(Material supplied Opens)
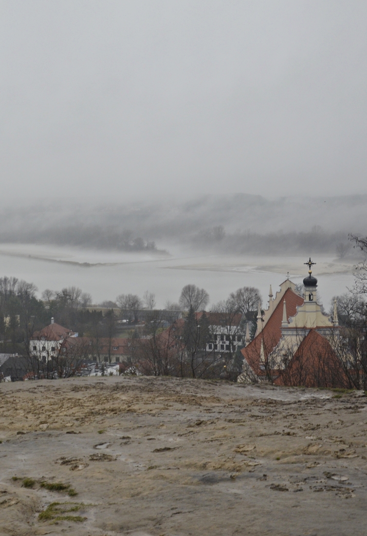 Ulica Puławska jest na tym odcinku totalnie urokliwa. Wiedzie wzgórzem, z którego widać dachy starych domów i rzekę Wisłę. Pod stopami bruk, a z każdym krokiem coraz wyraźniej zaznaczają się mury kazimierskiej fary. To był ostatni dzień roku, zamglony i dżdżysty. Pachniało starym drewnem, gdzieniegdzie zaszczekał pies, po sztachetowym płocie przemknął kot. I to szare niebo - zupełnie jakby szedł wieczór, a była dopiero piętnasta.
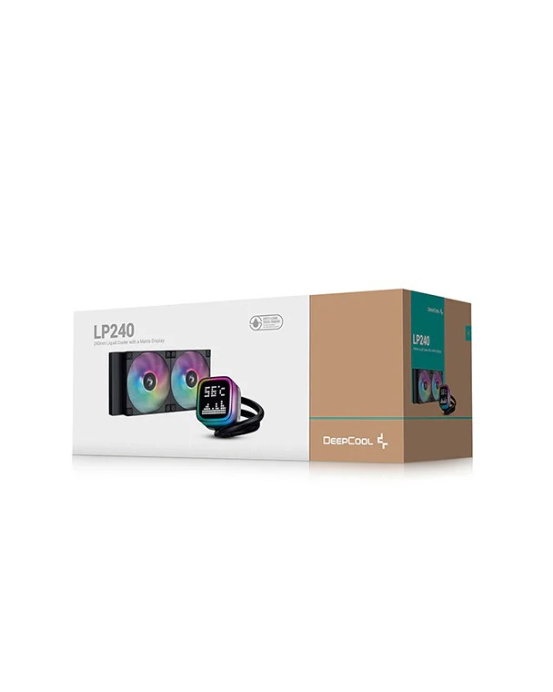 DEEPCOOL Liquid Cooler ”LP240”, 240mm radiator, Anti-Leak Technology, LGA1851/1700/1200/115x & AM5/AM4, up to 280W, 2x 120mm ARGB FD12 fans: 600~2400rpm, <38.71dBA, 72.04CFM, 4-pin PWM, Hydro Bearing, 5 PRO Pump: 3400rpm, 3-phase, 6-slot, 4-pole motor, Dot-matrix Screen, Black
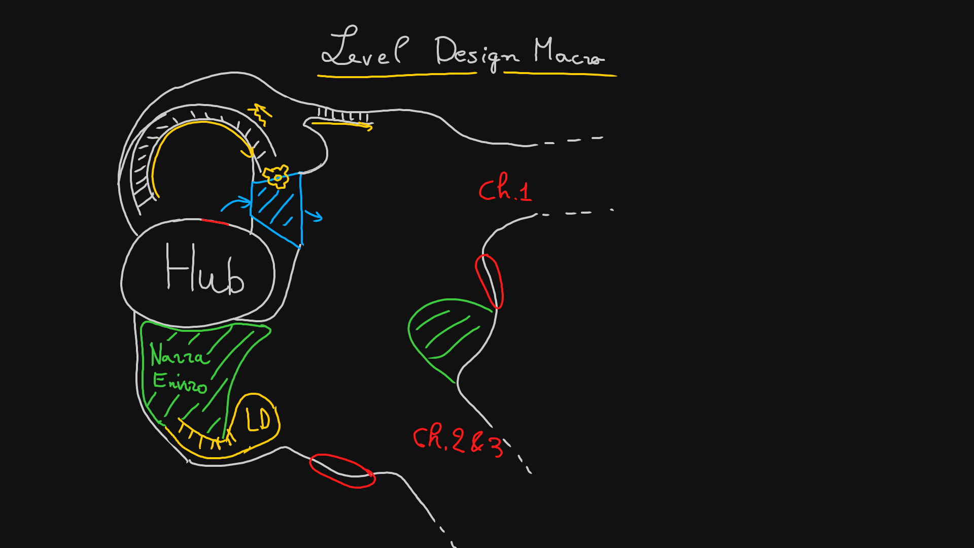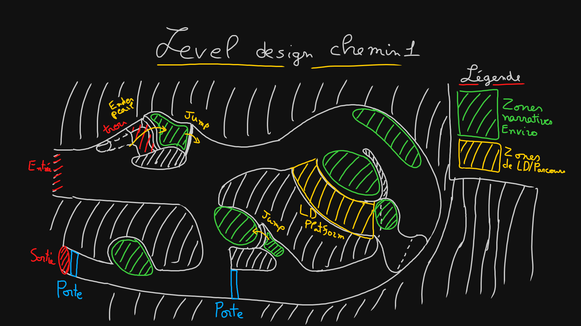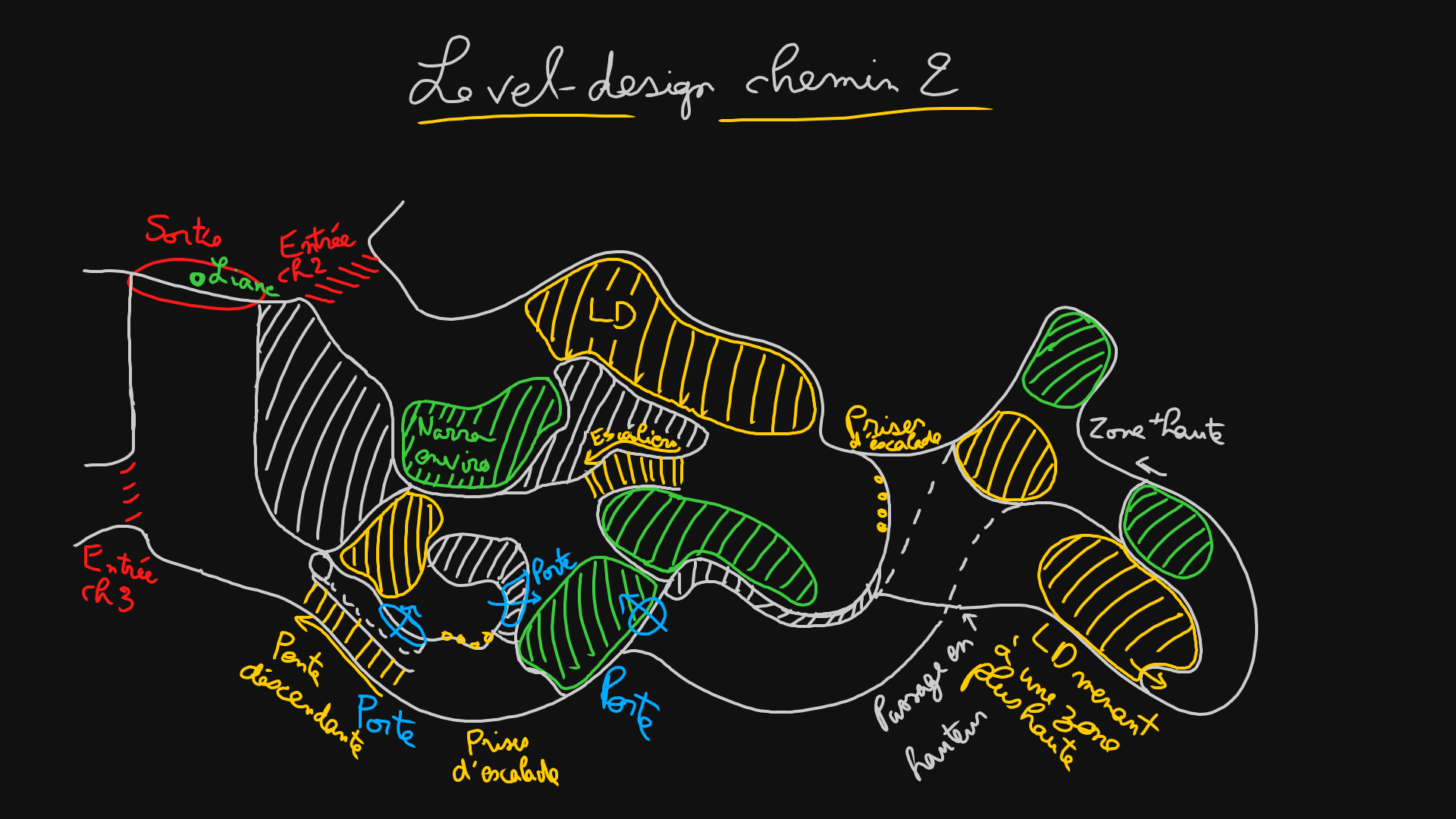 I made schematic designs for the Lobby, with explanations for everything. Yellow represented stairs or climbing paths, blue for openable doors, red for entrances to other levels, and green for areas dedicated to narrative and lore.
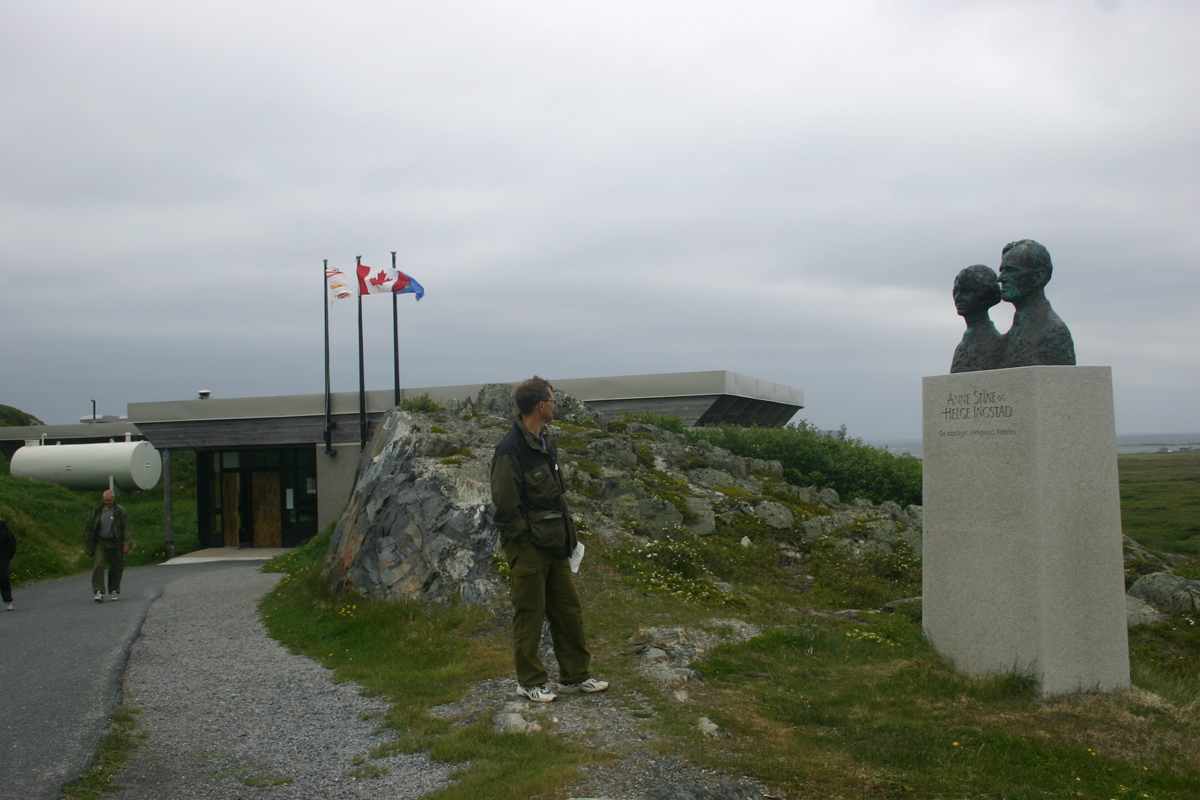 | Kjell Einar Andersen kåserte i julemøtet. Her er han fotografert ved statuen av Helge og Anne Stine Ingstad på Vinland. |
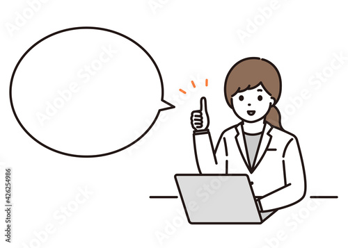 パソコンの前でグッドサインをする女性薬剤師 吹き出し
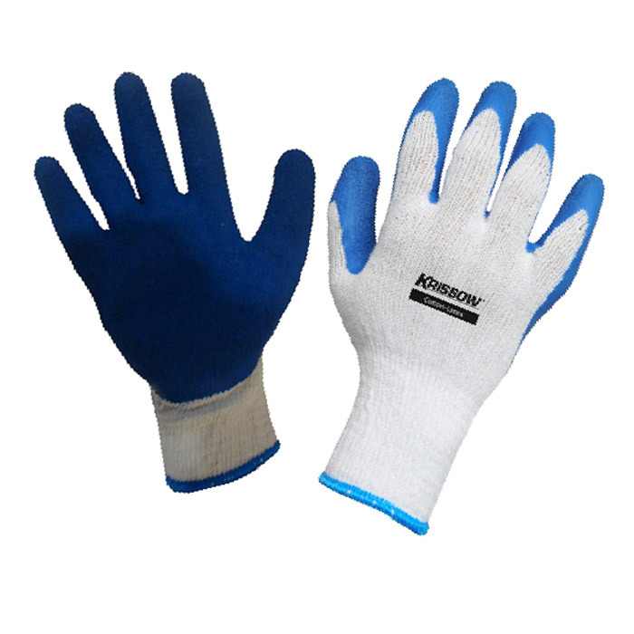 Color : White/Blue Certificate : Meets EN388 Material : Glove Cotton Mat erial : Coated Latex Size : 25X15X0.5 CM |
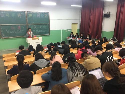 2017年“谁与争锋”大学生辩论赛初赛在北一阶教室举行。比赛由学校学生会组织,共有16支代表队参加,200余名学生现场观看了比赛。
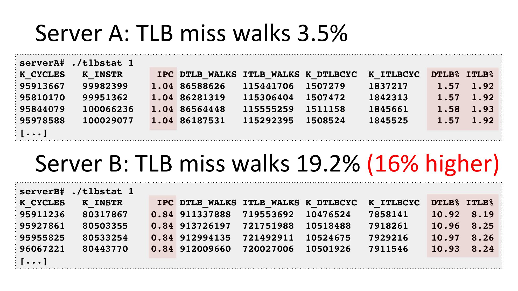 Server A: TLB miss walks 3.5% serverA# ./tlbstat 1 K_CYCLES K_INSTR [...] IPC DTLB_WALKS ITLB_WALKS K_DTLBCYC 1.04 86588626 115441706 1507279 1.04 86281319 115306404 1507472 1.04 86564448 115555259 1511158 1.04 86187531 115292395 1508524 K_ITLBCYC DTLB% ITLB% 1.57 1.92 1.57 1.92 1.58 1.93 1.57 1.92 Server B: TLB miss walks 19.2% (16% higher) serverB# ./tlbstat 1 K_CYCLES K_INSTR [...] IPC DTLB_WALKS ITLB_WALKS K_DTLBCYC 0.84 911337888 719553692 10476524 0.84 913726197 721751988 10518488 0.84 912994135 721492911 10524675 0.84 912009660 720027006 10501926 K_ITLBCYC DTLB% ITLB% 10.92 8.19 10.96 8.25 10.97 8.26 10.93 8.24slide 9:
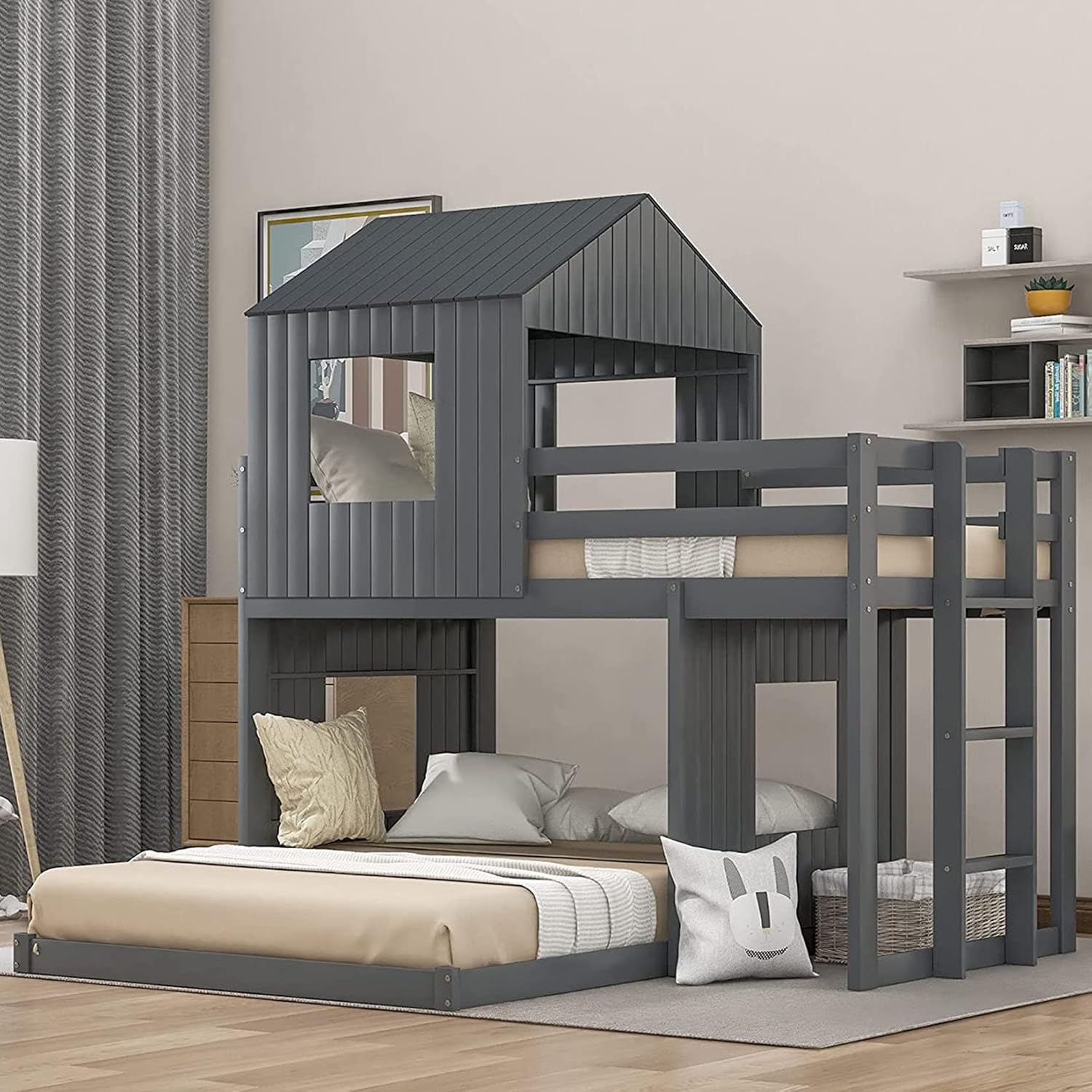 Wooden Twin Over Full Bunk Bed, Loft Bed with Playhouse Give the family in your life a playhouse that will bring hours of fun combined with a fully functional bunk bed for the perfect two-in-one bedroom addition. With a design loved by parents and family alike, this bunk is completed with a simple silhouette and natural weathered wood grain to serve as a tasteful statement piece in your family bedroom that they can enjoy for hours on end. Crafted as a cabin-inspired playhouse with square windows on the top and bottom bunk and the slide on the side, this bed doubles as a semi-enclosed play place to let the imagination of your family run wild. Enjoy this bunk for years to come with its durable build, manufactured with quality lumber and pinewood to withstand horseplay, scratching and other untimely wear. Assemble according to your personal preference, with assembly options allowing for the bottom bed to be on the left or right side in accordance to your room layout. Comes complete with thick slats to preserve the life of your mattress. Weight & Dimensions Overall Product Dimension: 82.1"L x 89"W x 82.3"H Number of Package: 3 Overall Product Weight: 193.65LBS Weight Capacity: Upper bed: 400LBS Bottom bed: 600LBS Recommended Mattress Thickness: Upper bed: 6" Bottom bed: 8" Recommended Age: > 6 years old Specifications Product Type: Bunk Bed Size: Twin-Over-Full Color: White/Gray/Antique Gray Material: Plywood+MDF+Pinewood Number of slats: Upper bed: 14 Bottom bed: 7 Box Spring Required: No Assembly Required: Yes Country of Origin: Vietnam
(Material supplied Closes)
Beginning with the line above that has "パソコンの前でグッドサインをする女性薬剤師 吹き出し" and going on through the line that has "Server A: TLB", retype every line exactly and add nothing else; drop the pictures.

 パソコンの前でグッドサインをする女性薬剤師 吹き出し
 Color : White/Blue Certificate : Meets EN388 Material : Glove Cotton Mat erial : Coated Latex Size : 25X15X0.5 CM |
 2017年“谁与争锋”大学生辩论赛初赛在北一阶教室举行。比赛由学校学生会组织,共有16支代表队参加,200余名学生现场观看了比赛。
 Server A: TLB miss walks 3.5% serverA# ./tlbstat 1 K_CYCLES K_INSTR [...] IPC DTLB_WALKS ITLB_WALKS K_DTLBCYC 1.04 86588626 115441706 1507279 1.04 86281319 115306404 1507472 1.04 86564448 115555259 1511158 1.04 86187531 115292395 1508524 K_ITLBCYC DTLB% ITLB% 1.57 1.92 1.57 1.92 1.58 1.93 1.57 1.92 Server B: TLB miss walks 19.2% (16% higher) serverB# ./tlbstat 1 K_CYCLES K_INSTR [...] IPC DTLB_WALKS ITLB_WALKS K_DTLBCYC 0.84 911337888 719553692 10476524 0.84 913726197 721751988 10518488 0.84 912994135 721492911 10524675 0.84 912009660 720027006 10501926 K_ITLBCYC DTLB% ITLB% 10.92 8.19 10.96 8.25 10.97 8.26 10.93 8.24slide 9:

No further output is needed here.